Supplied information below:

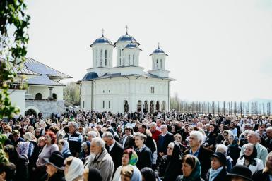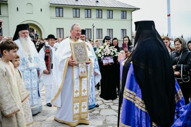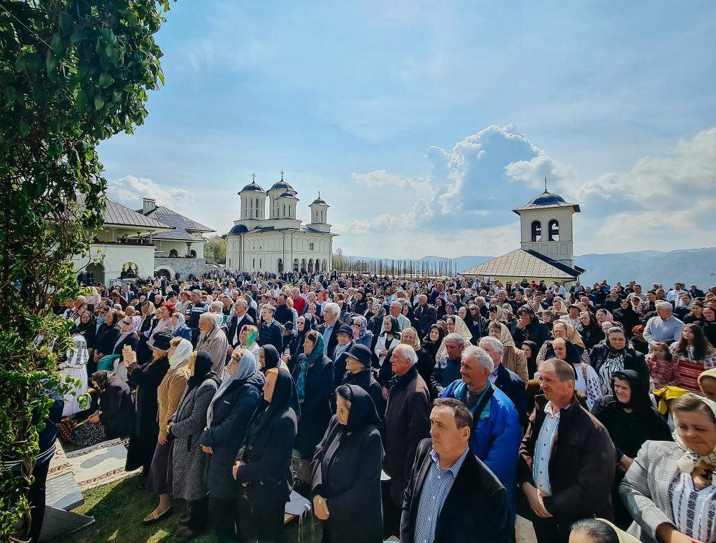 De la ora 10:00, la Altarul de vară al mănăstirii, Înaltpreasfințitul Părinte Andrei a oficiat Sfânta Liturghie, înconjurat de un sobor de clerici, în prezența oficialităților locale și județene, precum și a mii de pelerini, mulți fiind îmbrăcați în straie populare specifice Țării Năsăudului.
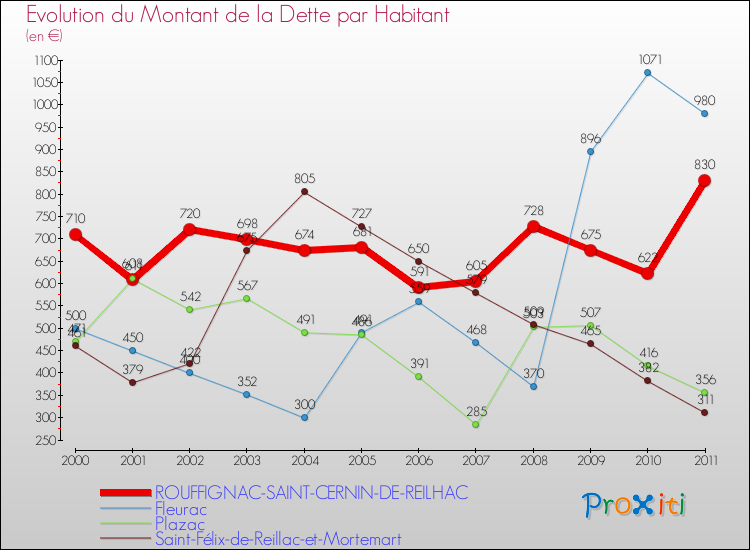 Par rapport aux 1 583 habitants de Rouffignac-Saint-Cernin-de-Reilhac, en 2011 le poids de cette dette représente 830 € par habitant.
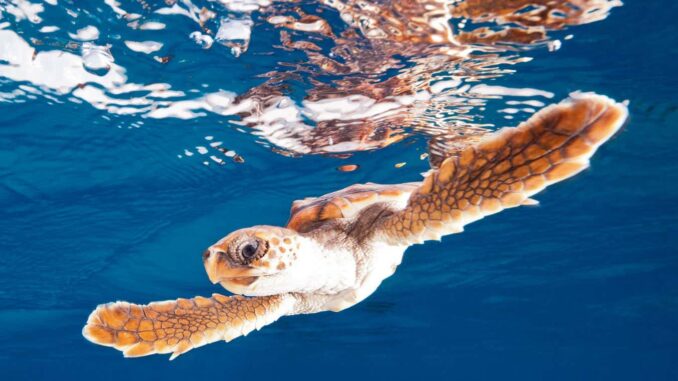 A young loggerhead turtle in the Caribbean Sea near the Bahamas

End of Supplied information.

▸ **Task objective**: Your copy should consist only of the lines from the line holding "Par rapport aux" through the final line of the listing above, both included, with all pictures omitted.

▸ **Solution to the problem**:
 Par rapport aux 1 583 habitants de Rouffignac-Saint-Cernin-de-Reilhac, en 2011 le poids de cette dette représente 830 € par habitant.
 A young loggerhead turtle in the Caribbean Sea near the Bahamas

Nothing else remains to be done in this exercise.